* The records:
════════
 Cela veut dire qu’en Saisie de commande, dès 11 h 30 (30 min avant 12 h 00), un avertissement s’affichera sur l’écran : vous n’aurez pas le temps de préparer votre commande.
════════
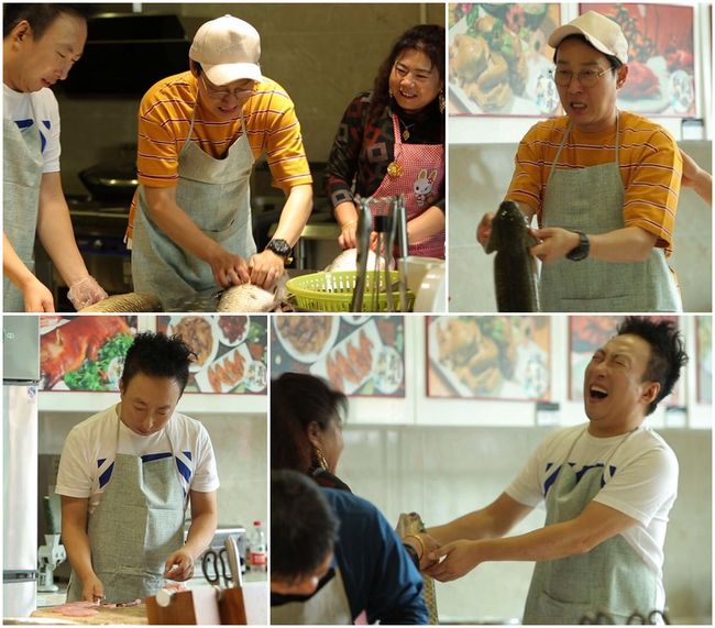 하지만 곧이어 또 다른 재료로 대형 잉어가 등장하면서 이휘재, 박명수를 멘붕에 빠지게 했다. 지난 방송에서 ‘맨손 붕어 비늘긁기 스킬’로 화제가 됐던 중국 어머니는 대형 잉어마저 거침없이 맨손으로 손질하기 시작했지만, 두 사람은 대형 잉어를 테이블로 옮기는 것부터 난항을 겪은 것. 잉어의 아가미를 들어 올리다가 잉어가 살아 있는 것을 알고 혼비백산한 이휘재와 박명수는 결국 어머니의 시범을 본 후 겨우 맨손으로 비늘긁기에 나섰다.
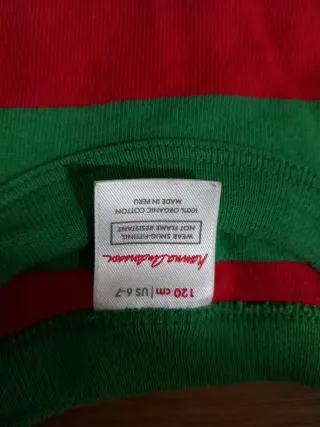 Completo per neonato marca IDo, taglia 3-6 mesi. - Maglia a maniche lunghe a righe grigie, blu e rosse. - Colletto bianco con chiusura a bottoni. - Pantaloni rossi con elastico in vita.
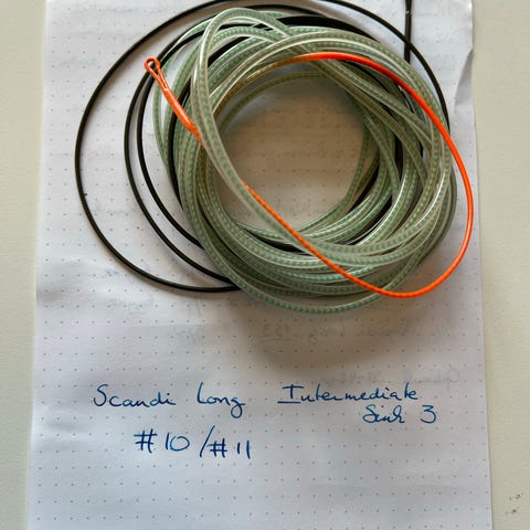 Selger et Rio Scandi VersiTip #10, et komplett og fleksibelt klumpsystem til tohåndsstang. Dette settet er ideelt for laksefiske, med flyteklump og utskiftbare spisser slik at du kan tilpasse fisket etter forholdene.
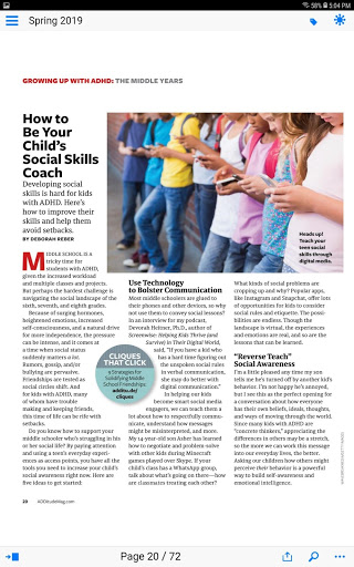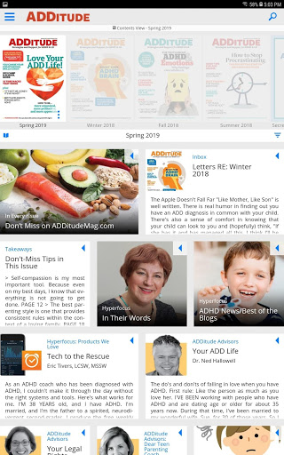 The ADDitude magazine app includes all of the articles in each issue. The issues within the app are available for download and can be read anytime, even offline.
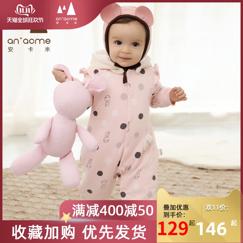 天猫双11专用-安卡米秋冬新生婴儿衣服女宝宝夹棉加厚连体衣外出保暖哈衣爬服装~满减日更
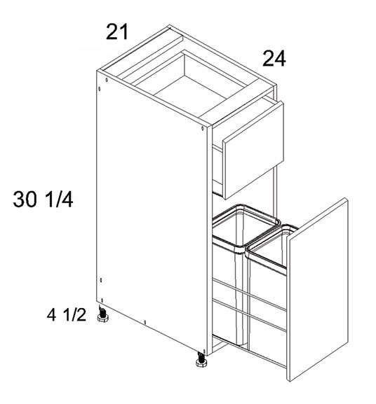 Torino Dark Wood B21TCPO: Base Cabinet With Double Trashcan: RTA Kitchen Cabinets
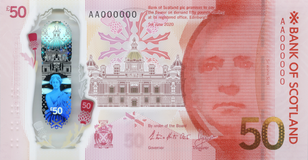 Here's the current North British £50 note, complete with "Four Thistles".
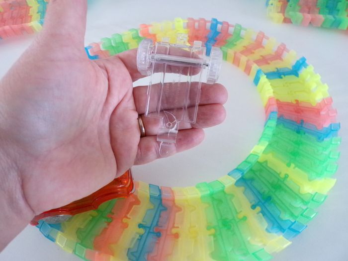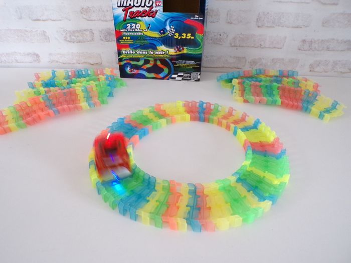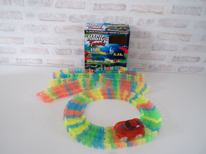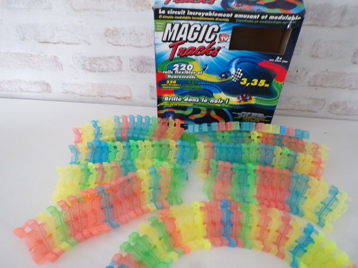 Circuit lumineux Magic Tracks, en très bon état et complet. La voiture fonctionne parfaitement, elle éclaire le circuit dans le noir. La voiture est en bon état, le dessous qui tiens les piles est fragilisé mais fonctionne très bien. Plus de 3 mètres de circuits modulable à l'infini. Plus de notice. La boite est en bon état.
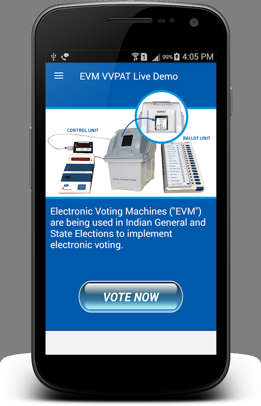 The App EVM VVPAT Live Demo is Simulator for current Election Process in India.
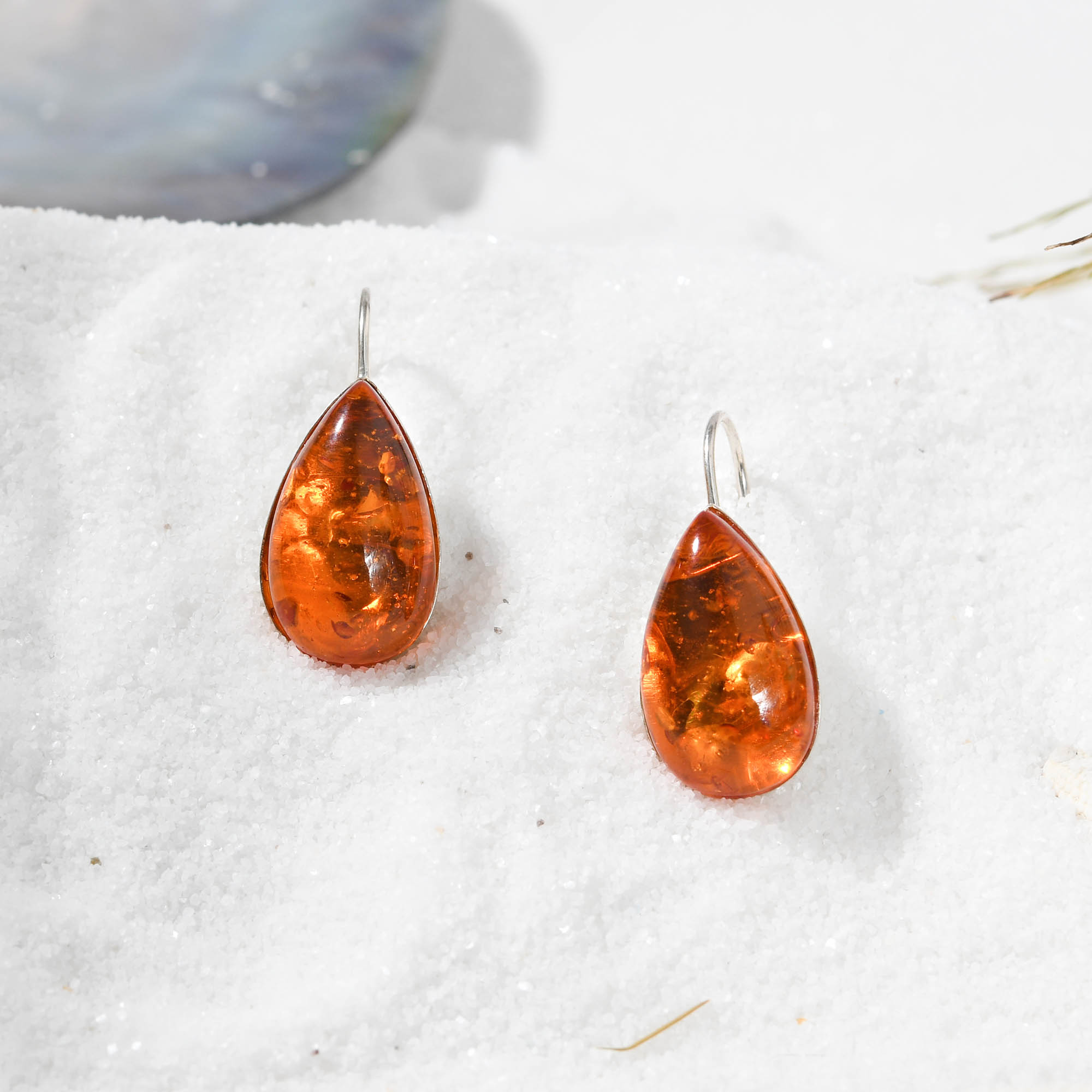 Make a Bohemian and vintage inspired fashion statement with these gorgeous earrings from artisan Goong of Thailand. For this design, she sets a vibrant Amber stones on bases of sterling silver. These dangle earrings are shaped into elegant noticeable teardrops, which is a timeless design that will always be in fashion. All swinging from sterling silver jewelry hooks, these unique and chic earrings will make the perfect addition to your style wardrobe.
════════
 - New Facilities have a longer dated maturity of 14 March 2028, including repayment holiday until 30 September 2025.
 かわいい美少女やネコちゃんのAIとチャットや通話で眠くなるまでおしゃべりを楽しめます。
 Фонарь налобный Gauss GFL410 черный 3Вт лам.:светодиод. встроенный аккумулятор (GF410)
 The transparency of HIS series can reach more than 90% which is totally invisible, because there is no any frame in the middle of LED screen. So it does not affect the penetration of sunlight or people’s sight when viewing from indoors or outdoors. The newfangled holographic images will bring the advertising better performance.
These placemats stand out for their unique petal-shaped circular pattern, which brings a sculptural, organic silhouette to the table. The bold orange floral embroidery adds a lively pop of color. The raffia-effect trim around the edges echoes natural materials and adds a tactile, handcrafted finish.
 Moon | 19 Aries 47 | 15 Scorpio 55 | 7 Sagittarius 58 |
════════
* What the exercise asks: In the data above, find the line with "These placemats stand" and the line with "Moon | 19 Aries". Retype both, plus every line between them, exactly.

* Response for this exercise:
These placemats stand out for their unique petal-shaped circular pattern, which brings a sculptural, organic silhouette to the table. The bold orange floral embroidery adds a lively pop of color. The raffia-effect trim around the edges echoes natural materials and adds a tactile, handcrafted finish.
 Moon | 19 Aries 47 | 15 Scorpio 55 | 7 Sagittarius 58 |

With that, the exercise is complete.